Betfred will pay more than £800,000 in compensation after a gambler managed to spend nearly £1m of stolen cash with the bookmaker.
The Gambling Commission found Betfred had failed on anti-money laundering procedures in key areas.
The Commission launched an investigation into the Salford bookmaker after a former accountant, Matthew Stevens, gambled away huge sums of stolen money with the firm.
Stevens, from Leeds, was jailed for three years and four months after admitting stealing £856,703.80 from his boss to fund an online gaming habit.
He spent the vast proportion of his stolen cash on Betfred.com between 2013 and 2015.
But the report found Betfred staff did not check Stevens’ background thoroughly enough: they believed he was professional gambler and did not investigate where the money was coming from.
“The customer was a high spending customer”, says the report, “gambling remotely, and as such presented a higher risk of money laundering which Betfred should have recognised.
“Despite the risk presented, Betfred did not take sufficient steps to identify the source or legitimacy of the customer’s funds.”
Stevens quickly became one of the firm’s top spenders and was given ‘VIP’ status.
Because he knew the lingo and was familiar with the trade, staff believed Stevens had won his fortune with another betting chain.
This was only based on the opinion of staff and was never investigated.
When Stevens started to lose significant sums, Betfred did not step in.

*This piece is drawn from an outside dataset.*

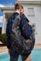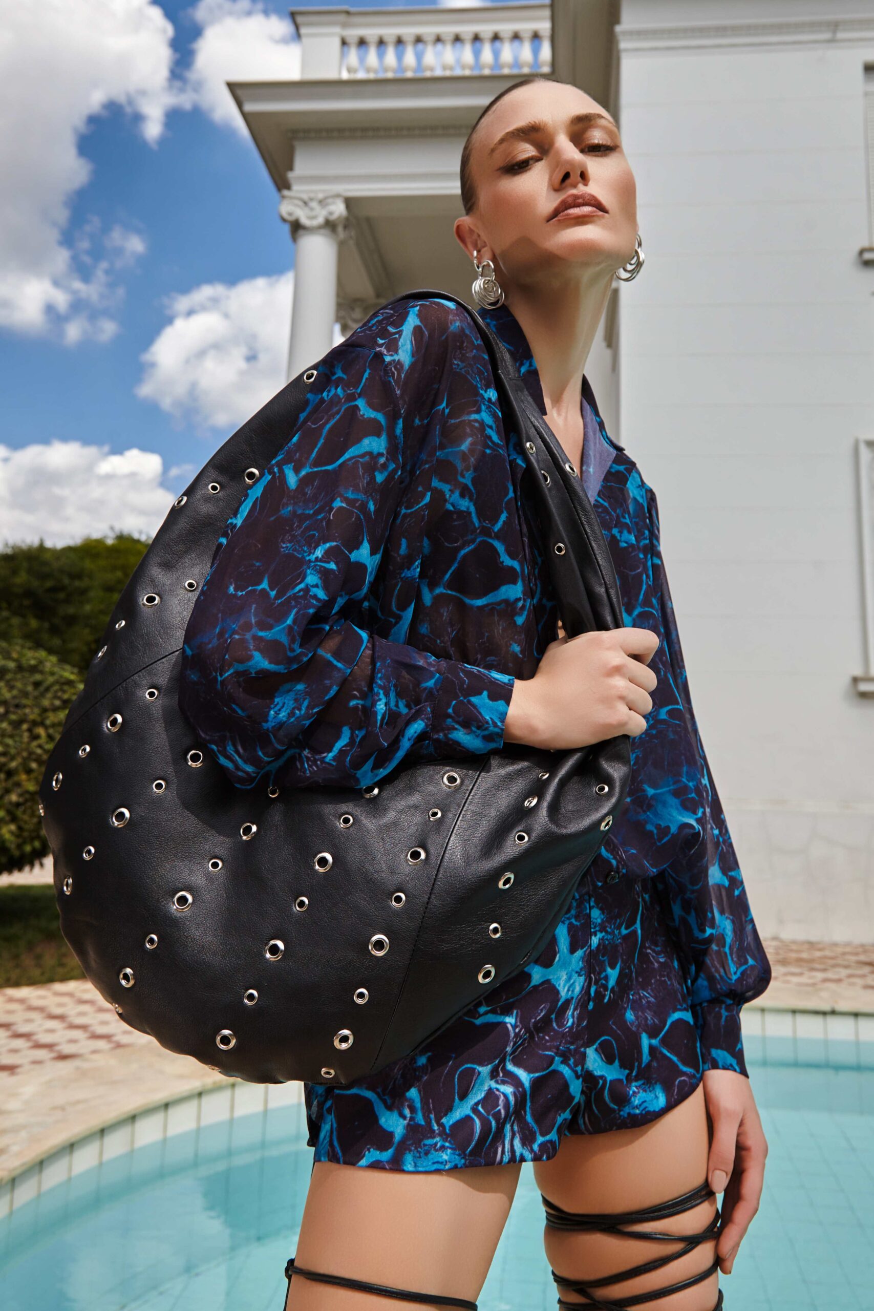 Camisa de musseline oversized com botões de resina e estampa digital exclusiva.

“After being upgraded to a VIP customer, the customer’s play was not subject to the reactive player monitoring which applied to other customers,” it said.
Betfred also awarded Stevens bonuses of over £1,000 when his balance reached zero.

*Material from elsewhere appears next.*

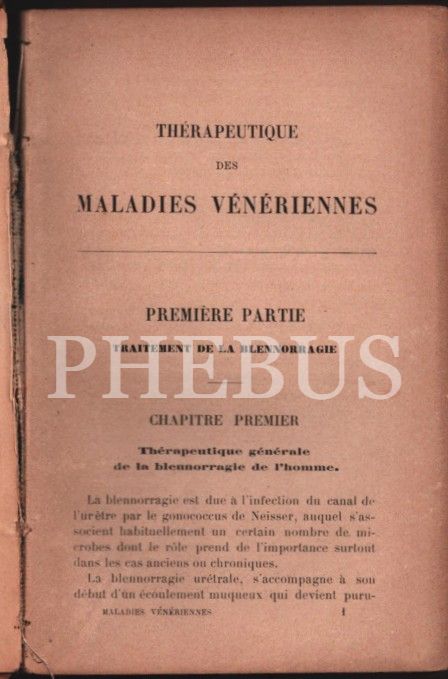 THERAPEUTIQUE - DES MALADIES VENERIENNES, F. Balzer, Paris, 280 sayfa, 12x18 cm, sırtı haliyle

But the Commission criticised Betfred for not checking up on the and for having an over-simplistic and inaccurate view of money laundering”.
Under the terms of the settlement, £443,000 of the £800,000 fine will go to the victims of the criminal activity and £344,500 will be paid to good causes.
The bookmakers chain was started in Ordsall in 1967 by Salford businessman Fred Done.
It is now headquartered in Warrington and has over 1,300 branches nationwide.
Richard Watson, Programme Director at the Commission, said: “We identified a number of weaknesses in the anti-money laundering and social responsibility controls used by Betfred. The penalty package of over £800,000 reflects these failures.”